Figure 1A summarizes the survival curves of patients with scores of 0, 1, 2, and 3. There were significant differences among all groups except for the score 0 and 1 groups (score 0 group vs score 1 group, P = 0.537; score 0 group vs score 2 group, P = 0.049; score 0 group vs score 3 group, P < 0.001; score 1 group vs score 2 group, P = 0.003; score 1 group vs score 3 group, P < 0.001; score 2 group vs score 3 group, P = 0.008). For all patients, 5-year survival rates of the adjuvant chemotherapy and postoperative observation groups were 96% and 90%, respectively (P = 0.676, Table 4).
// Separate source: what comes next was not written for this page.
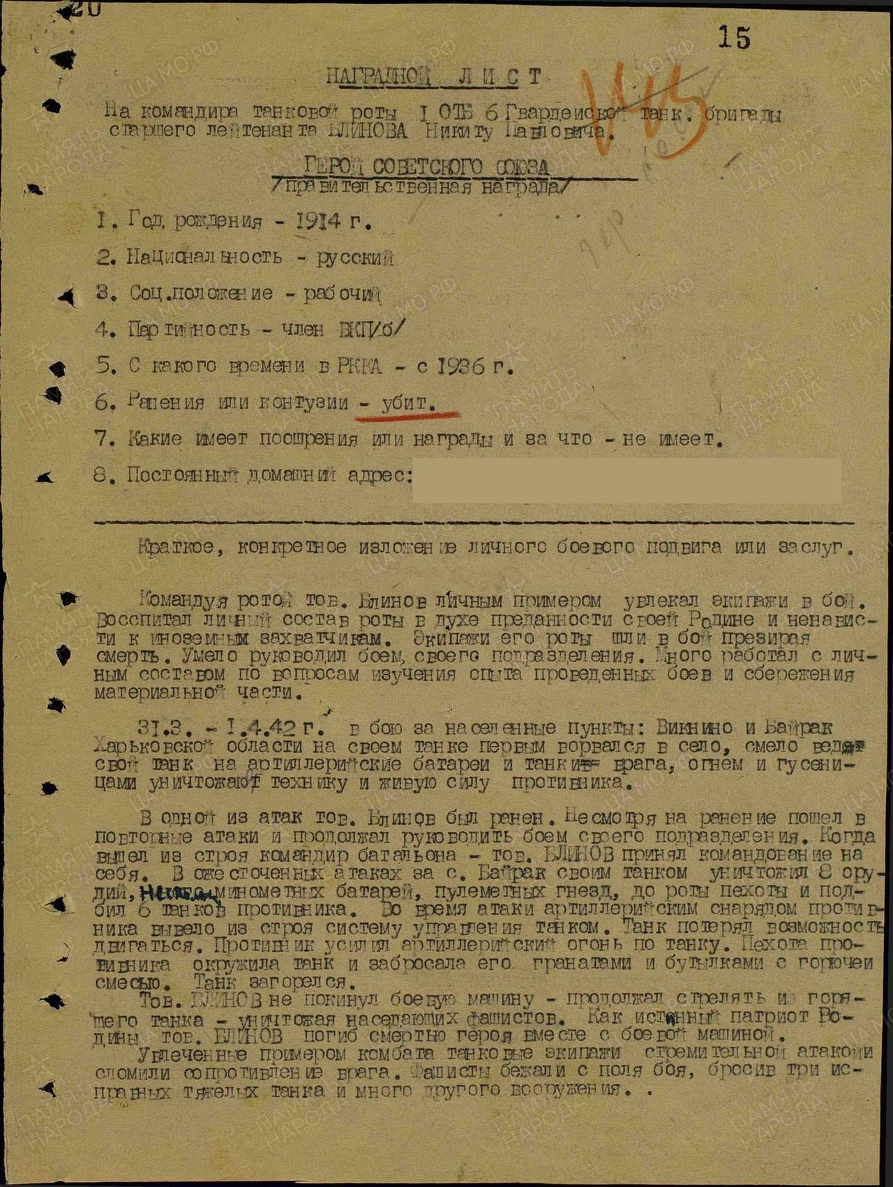 1942 年 4 月 2 日,中尉尼基塔・帕夫洛维奇・布利诺夫在燃烧的坦克中继续向敌军射击,与战车一同壮烈牺牲,次日本是他 28 岁生日。在拜拉克村的激战中,他指挥坦克击毁 8 门火炮、多门迫击炮与机枪阵地,歼灭近一个步兵连,击毁 6 辆敌军坦克。坦克被炮火击中失去机动后,遭德军包围并纵火。布利诺夫拒不撤离,在烈火中坚持战斗直至牺牲。战后战友在其坦克周围发现近 60 具德军尸体,他以生命践行了对祖国的忠诚。
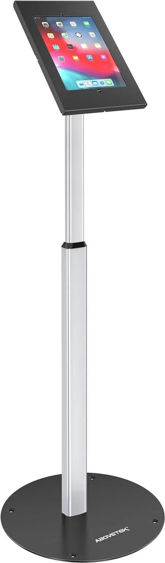 Enhanced Stability: AboveTEK's iPad kiosk floor stand features an attachable base with screw holes for extra security complemented by an anti-slip pad for enhanced stability. 0.16 thick and weighing 3kg ( 6.6 lb) guarantees a strong stable foundation suitable for daily use. Neat Setup Locking

Five-year survival rates of the score 0, 1, 2, and 3 groups were 92%, 95%, 80%, and 50%, respectively (P < 0.001, Table 4). In the score 0 and score 1 groups, there were no differences in the 5-year survival rates between the postoperative observation and adjuvant chemotherapy groups. In the score 2-3 group, 5-year survival rates for patients in the adjuvant chemotherapy group and postoperative observation group were 95% and 61%, respectively (P = 0.021, Table 4).
| Group | n | 5-year survival rate | Log rank test | |
| All patients | P = 0.676 | |||
| Adjuvant chemotherapy | 63 | 96% | ||
| Postoperative observation | 262 | 90% | ||
| Risk score | P < 0.001 | |||
| Score 0 group | 98 | 92% | ||
| Score 1 group | 152 | 95% | ||
| Score 2 group | 69 | 80% | ||
| Score 3 group | 6 | 50% | ||
| Score 0 group | P = 0.825 | |||
| Adjuvant chemotherapy | 13 | 92% | ||
| Postoperative observation | 85 | 92% | ||
| Score 1 group | P = 0.308 | |||
| Adjuvant chemotherapy | 22 | 92% | ||
| Postoperative observation | 130 | 96% | ||
| Score 2-3 group | P = 0.021 | |||
| Adjuvant chemotherapy | 28 | 95% | ||
| Postoperative observation | 47 | 61% |
Figure 1B-D summarizes the survival curves of patients with scores of 0, 1, and score 2-3 T2N0M0 gastric cancer in the adjuvant chemotherapy and postoperative observation groups. Table 5 summarizes the distribution of the different risk factors in each risk score group.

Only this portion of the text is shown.